By the third blog post you picked a subject touchy enough to insult almost everyone. And it's only uphill from here! I like your style.

Absolute good and evil do not exist. No magnificent proactive force of good grants people courage, selflessness, kindness and hope. No despicable reactive force of evil tempts people with cowardice, selfishness, bitterness and despair. No; good and evil are such subjective concepts they differ from person to person.
Caveat: Sometime in the future we may discover some latent quantum forces simultaneously inspiring kindness and cruelty. But RIGHT NOW I know about nothing of the sort.
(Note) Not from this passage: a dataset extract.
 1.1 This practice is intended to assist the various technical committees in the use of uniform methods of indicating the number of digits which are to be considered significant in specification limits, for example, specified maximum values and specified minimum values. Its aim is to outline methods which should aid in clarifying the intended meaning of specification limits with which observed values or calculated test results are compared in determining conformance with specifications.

"Where did these concepts of universal 'good' and 'evil' come about," you ask, "if they are in fact just opinions?"
The answer is not religion. And even if it was, I wouldn't waste my blog post bashing the one source of happiness for millions of desperate people around the world.
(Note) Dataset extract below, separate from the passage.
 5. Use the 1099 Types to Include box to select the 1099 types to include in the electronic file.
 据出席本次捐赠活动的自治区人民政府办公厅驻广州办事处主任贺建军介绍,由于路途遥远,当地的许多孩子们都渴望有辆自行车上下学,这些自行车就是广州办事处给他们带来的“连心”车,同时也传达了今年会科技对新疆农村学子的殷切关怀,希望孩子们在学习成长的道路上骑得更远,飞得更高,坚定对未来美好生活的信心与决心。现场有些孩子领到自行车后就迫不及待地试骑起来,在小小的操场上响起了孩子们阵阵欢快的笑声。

No, it goes back farther than religion. All the way back to the first societies--hunter-gatherer clans. Once humans had "defeated" the different species, inter-tribal competition started. So right here, some 100,000-200,000 years ago, humans started to demonize other humans. That is the first, more obvious half of good and evil: favoring your "team" and antagonizing "rivals." So right here is an example of the utterly subjective side of good vs. evil. Every clan has a different take.

But in order to survive, everyone in the clan had to work together. This is the origin of the other half of good and evil: societies cherish constructiveness and demonize subversiveness.
Here's an example. I am Og of the Yug clan. I have just killed myself a big, juicy mammoth. I have 2 choices: (1) keep the mammoth to myself and have enough food to survive for a month, or (2) share the mammoth with my clan, feeding everyone for a week, and creating additional value because, say, Zog and Zogette know how to knit mammoth fur into clothes. Everyone survives longer and happier, and I make quite a few friends--friends who will give me their mammoth in the future.
Which do you choose? Option 2. That is because humans, as social beings, understand that selflessness is the best way to ensure long-term survival. But we aren't born with that. We have to learn it. So our natural selfish inclination (very evident in the "everything is mine" stage of toddlerhood) always tempts us. And what does that sound like? That sounds a lot like God encouraging while the devil tempts. That sounds a lot like Karma. That sounds a lot like Confucian deference. See? It manifests in every culture. So *drumroll* selfishness vs. selflessness come the closest to a universal concept of good vs evil.

So, "good" and "evil" apply to inter-clan warfare and intra-clan social behavior. In my opinion, for humanity to succeed we must abandon one of these concepts. As I'm an ardent pacifist, I bet you can guess which one it is.